After facing increasing difficulty building the Sophgo 6.6 fork with a modern toolchain, I decided to try out the latest upstream effort from @unicornx seeing as the final major piece, PCIe, is supposedly ready to go. I built the kernel using the defconfigand enabled all the SG2042-related drivers I could find:
Using the latest Sophgo ZSBL, upstream OpenSBI, and sg2042-milkv-pioneer.dtb from the Linux sources, the kernel boots, but consistently hangs initilaizing the third PCIe RC. It always hangs after “Link up” and does not respond to any of the watchdog settings I applied or SysRq triggers. If I disable that specific controller in the device tree, it completes booting, but of course, there’s no NVME or other devices that sit behind that controller. I’ve exhausted all of my debugging experience, so I just wanted to see if anyone here has gotten it to work.
Thank you.

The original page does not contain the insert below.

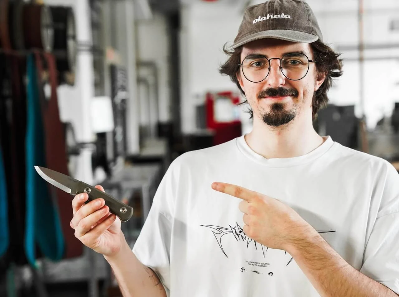 Zwei Streamer in der Wildnis? Messer statt Controller? Hungern statt Happy Slice Pizza? Klingt absurd, wird aber wahr: Der Hamburger Trymacs (29) und der Bonner Rumathra (27) treten als Team gemeinsam bei der kommenden Staffel von 7 vs. Wild an und stellen sich dem 14-tägigen Abenteuer in der Wildnis Kanadas. Die beiden Schwergewichte aus der deutschen Streaming-/Gaming Szene vereinen gemeinsam über 4 Millionen Follower auf Twitch (Trymacs 3,4 Mio., Rumathra 0,7 Mio.) und sind auch auf YouTube und Instagram reichweitenstark vertreten. Im Rahmen der intensiven Vorbereitung auf diese Grenzerfahrung spielte die Wahl der richtigen Ausrüstung – insbesondere, weil alle Gegenstände zusammen in einer 1L Nalgene- Flasche untergebracht werden müssen – eine elementare Rolle für die Beiden. Gemeinsam mit Rumathra, der uns mehrfach in unserer Solinger Manufaktur besuchte, entwickelten und bauten wir ein eigenes Messer, welches perfekt auf die Anforderungen und Gegebenheiten des anstehenden Outdoor- Abenteuers abgestimmt ist. Basis für die Neuentwicklung ist das von Dave Wenger entworfene Outdoor- und Bushcraft Messer Böker Plus Vigtig, welches aufgrund seiner Dimensionen (Gesamtlänge: 19,7 cm; Klingenstärke: 4 mm) nicht nur perfekt in die Flasche passte, sondern auf härteste Beanspruchungen ausgelegt ist. Die Wahl des Klingenstahls fiel auf Magnacut, der anders als die üblicherweise verwendeten Werkzeugstähle speziell für den Messerbau entwickelt wurde. Bei diesem als „Wunderstahl“ gefeierten Stahl ist es gelungen trotz des hohen Chromgehaltes von 10,7% und einer beeindruckenden Härtbarkeit von über 62-63 HRC ein sehr feines Gefüge und damit hohe Zähigkeit und Schocklastverträglichkeit zu erzielen. In Kombination mit dem True-Scandi Schliff trotzt die Klinge im Stonewash-Finish jeder anfallenden Herausforderung: von feinen Schneid- und Schnitzaufgaben zum Lagerbau und der Feuerholz-Vorbereitung, über Batoning und Hacken bis hin zur Wildversorgung. Um den Platz in der Nalgene Flasche optimal auszunutzen, wurden die beiden Griffschalen aus grünem Canvas Micarta etwas flacher gehalten als bei der Ursprungsversion und gewährleisten auch im nassen Zustand eine perfekte Handlage. Ein besonderes Highlight befindet sich im Inneren des Griffs. Anstelle von Hohlnieten lassen sich die beiden großen Schrauben mithilfe einer Münze einfach demontieren; zum Vorschein kommt ein gemessen an den Außendimensionen des Griffs üppiges Fach mit einer Tiefe von 14 mm, indem beispielsweise eine Pinzette, Zunder, Kohletabletten, ein Angelset und Sicherheitsnadeln problemlos untergebracht werden können. Auch als skelettiertes Messer ohne Griffschalen macht das vollständig in Solingen gefertigte Böker Vigtig vs. Wild eine gute Figur und unterstreicht die Vielseitigkeit des Sondermodells. Abgerundet wird der Lieferumgang durch eine kompakte Kydexscheide in schwarz mit Clip.

I didn’t see anything in Revy’s fork that wasn’t in your 6.18-rc branch, but I tried it just in case and it hangs at the exact same spot immediately after initializing the last pci controller:
[ 2.457755] sg2042-pcie 7062800000.pcie: host bridge /soc/pcie@7062800000 ranges:
[ 2.465438] sg2042-pcie 7062800000.pcie: IO 0x4cc0c00000..0x4cc0ffffff -> 0x0000000000
[ 2.474041] sg2042-pcie 7062800000.pcie: MEM 0x4cf8000000..0x4cfbffffff -> 0x00f8000000
[ 2.482615] sg2042-pcie 7062800000.pcie: MEM 0x4cfc000000..0x4cffffffff -> 0x00fc000000
[ 2.491178] sg2042-pcie 7062800000.pcie: MEM 0x4e00000000..0x4fffffffff -> 0x4e00000000
[ 2.499739] sg2042-pcie 7062800000.pcie: MEM 0x4d00000000..0x4dffffffff -> 0x4d00000000
[ 2.508314] sg2042-pcie 7062800000.pcie: Memory resource size exceeds max for 32 bits
[ 2.516289] sg2042-pcie 7062800000.pcie: no "phy-names" property found; PHY will not be initialized
[ 2.525509] sg2042-pcie 7062800000.pcie: Link up
<hang>
I did a little more debugging and found the hang to happen in the cdns_pcie_host_init_address_translation (drivers/pci/controller/cadence/pcie-cadence-host.c) function at:
Interestingly, this function has not changed between 6.6 (working) and 6.18 (not working) so I’m digging through other changes to try to understand what is influencing this new, faulty behavior.